**What this task involves:** In this exercise, print only the lines of the records below from the one with "Nel grafico che" through the one with "商品相册:徽香源符离集烧鸡白", inclusive. Pictures are not part of the copy.

**Task data:**

········

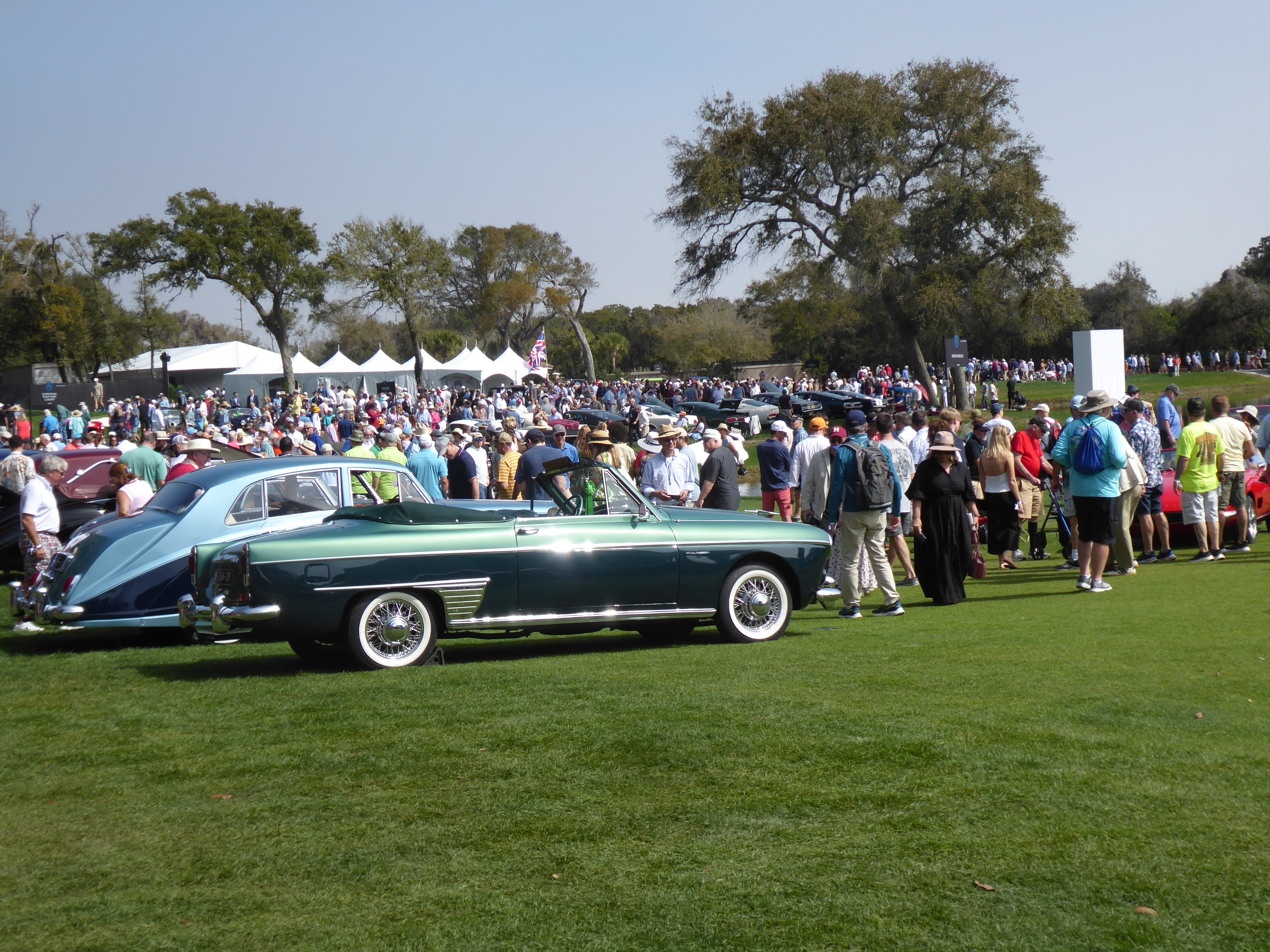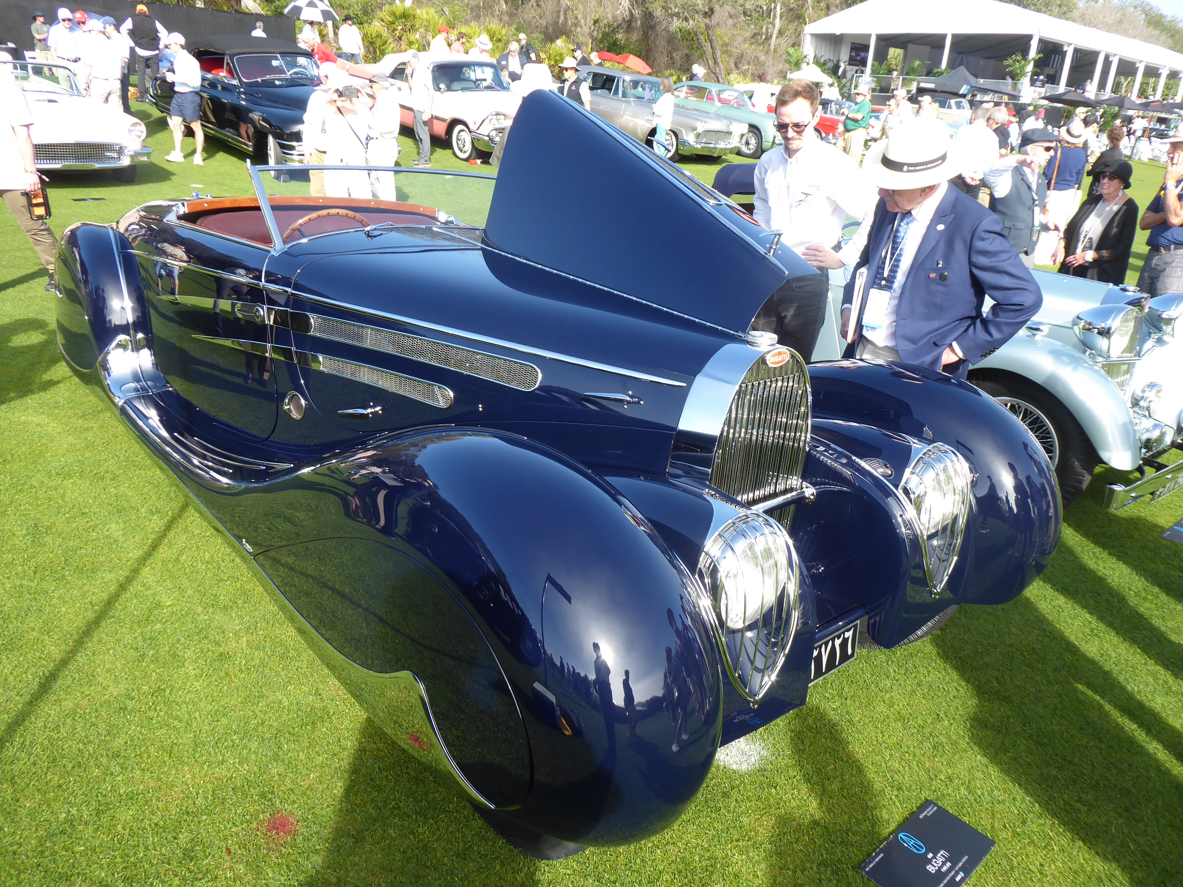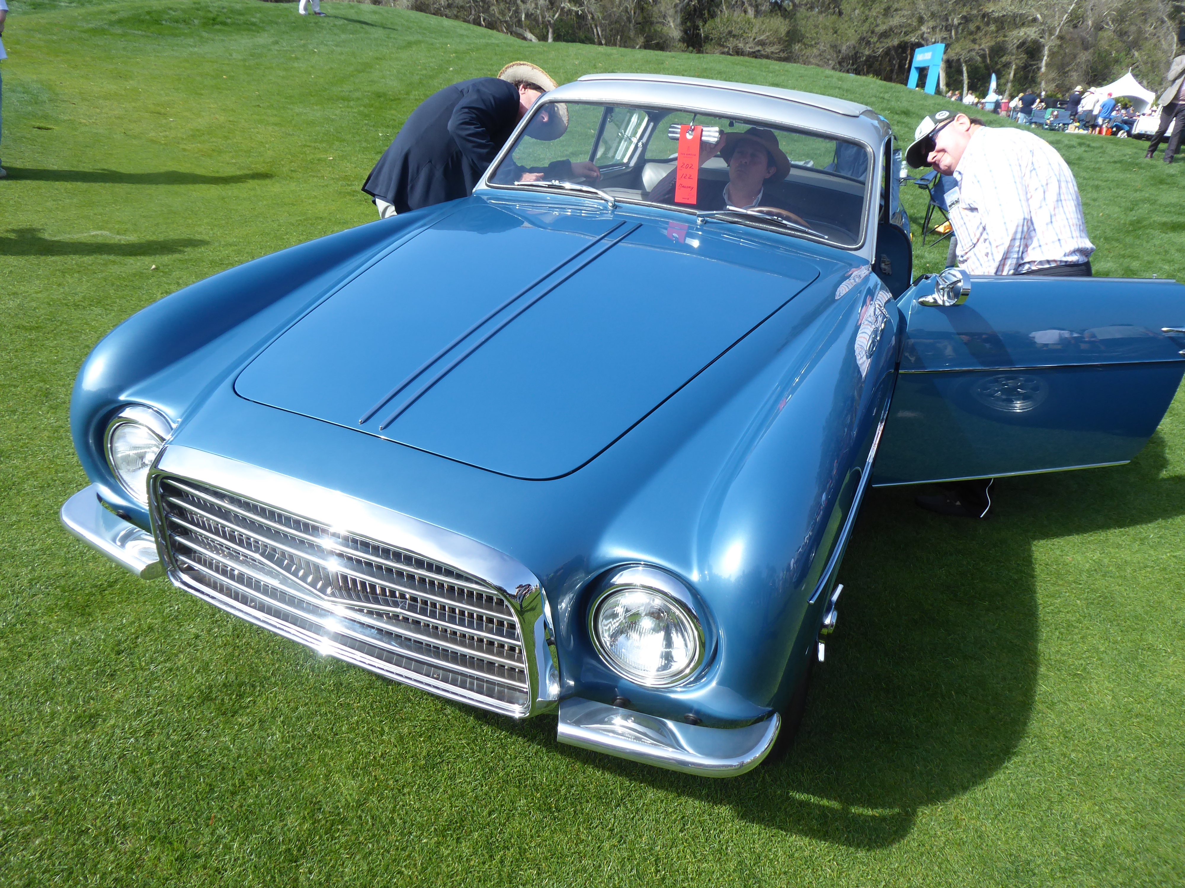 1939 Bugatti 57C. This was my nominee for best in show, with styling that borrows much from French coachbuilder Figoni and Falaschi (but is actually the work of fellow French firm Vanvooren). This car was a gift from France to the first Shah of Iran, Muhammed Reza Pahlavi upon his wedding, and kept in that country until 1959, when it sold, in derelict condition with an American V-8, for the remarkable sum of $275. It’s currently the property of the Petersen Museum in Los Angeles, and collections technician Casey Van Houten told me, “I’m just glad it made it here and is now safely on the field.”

········

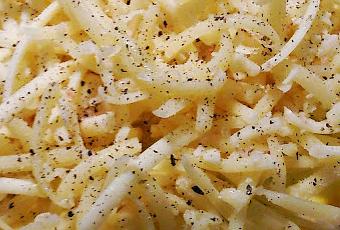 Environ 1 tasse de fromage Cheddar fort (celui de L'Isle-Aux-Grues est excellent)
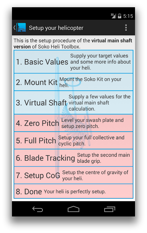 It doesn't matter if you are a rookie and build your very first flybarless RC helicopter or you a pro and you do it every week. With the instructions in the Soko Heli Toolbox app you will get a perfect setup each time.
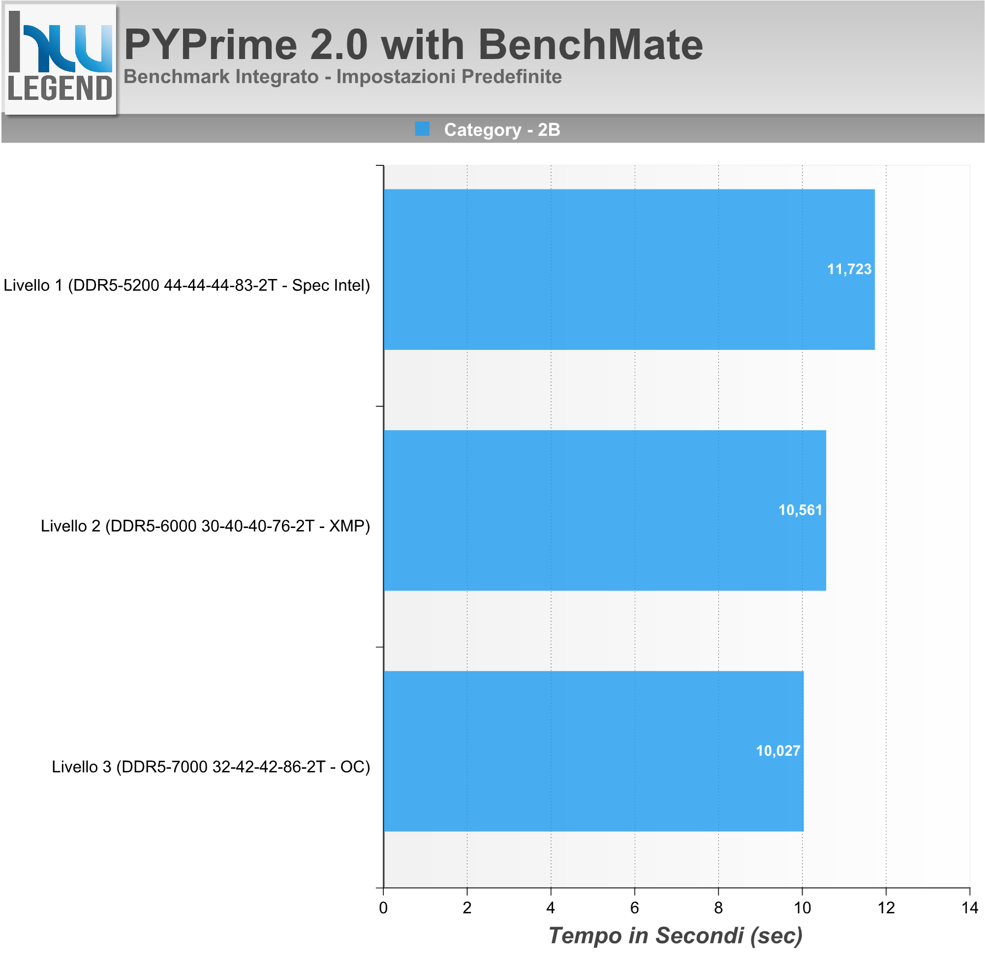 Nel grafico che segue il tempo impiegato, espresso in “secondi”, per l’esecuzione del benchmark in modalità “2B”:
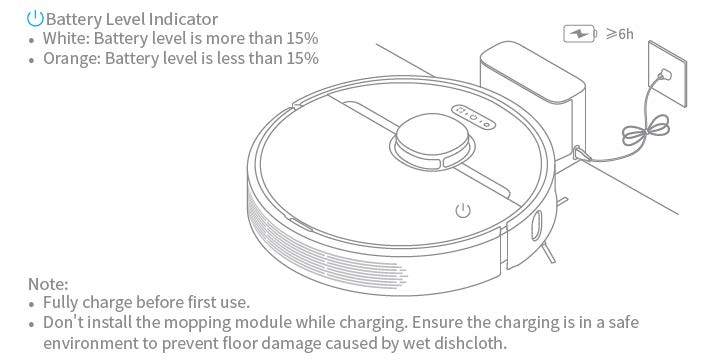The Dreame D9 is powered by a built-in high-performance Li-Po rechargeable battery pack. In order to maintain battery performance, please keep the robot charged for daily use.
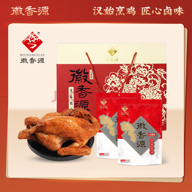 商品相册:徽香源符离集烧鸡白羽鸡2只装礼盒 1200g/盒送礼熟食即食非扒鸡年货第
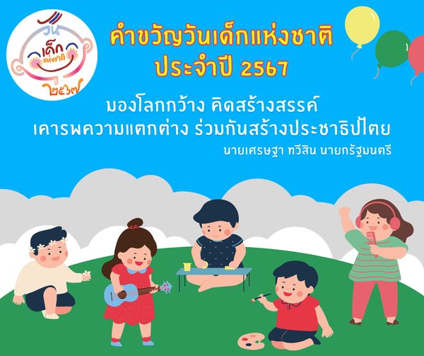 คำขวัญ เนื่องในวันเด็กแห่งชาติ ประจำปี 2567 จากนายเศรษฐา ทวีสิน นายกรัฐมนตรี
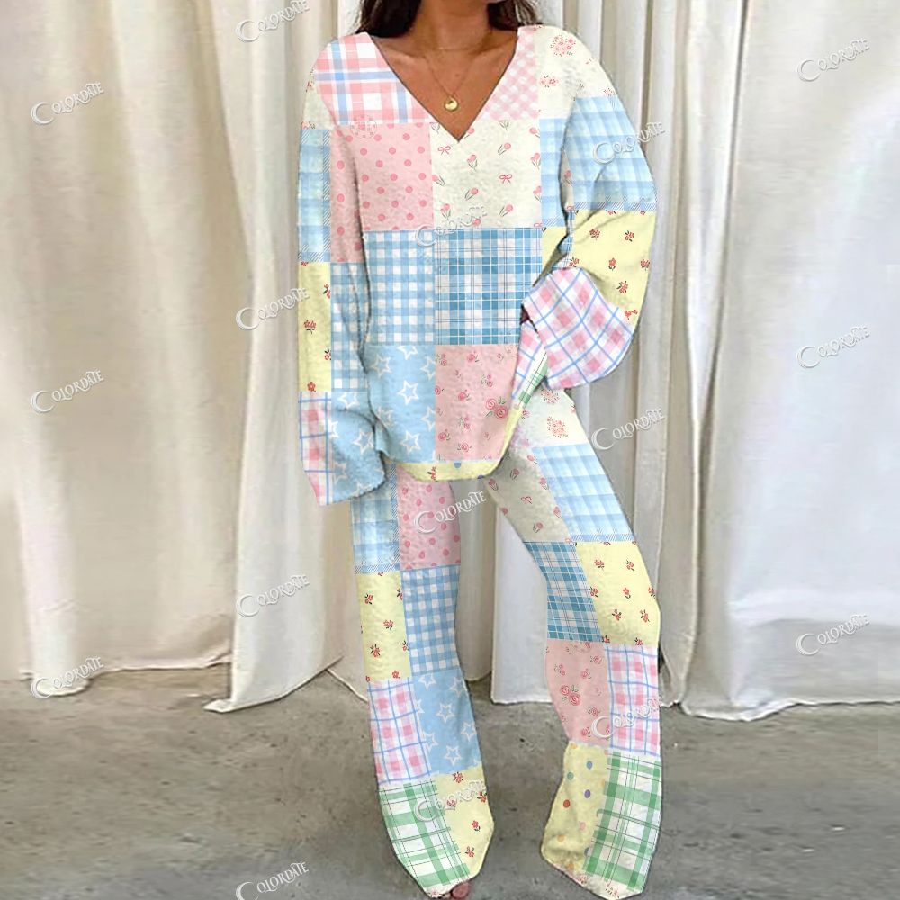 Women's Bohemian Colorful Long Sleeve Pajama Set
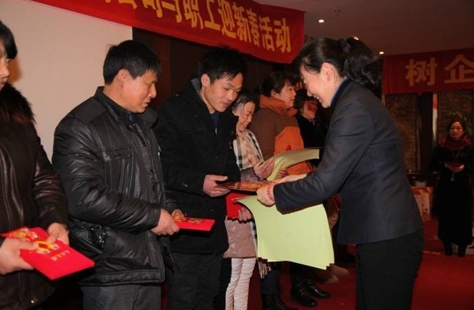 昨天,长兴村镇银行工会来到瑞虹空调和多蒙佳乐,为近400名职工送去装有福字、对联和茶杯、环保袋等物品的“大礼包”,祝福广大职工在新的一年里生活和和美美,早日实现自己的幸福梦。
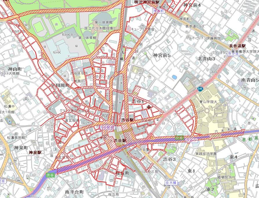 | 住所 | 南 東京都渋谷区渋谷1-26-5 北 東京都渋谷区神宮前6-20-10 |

········

**Solution for this task:**
 Nel grafico che segue il tempo impiegato, espresso in “secondi”, per l’esecuzione del benchmark in modalità “2B”:
The Dreame D9 is powered by a built-in high-performance Li-Po rechargeable battery pack. In order to maintain battery performance, please keep the robot charged for daily use.
 商品相册:徽香源符离集烧鸡白羽鸡2只装礼盒 1200g/盒送礼熟食即食非扒鸡年货第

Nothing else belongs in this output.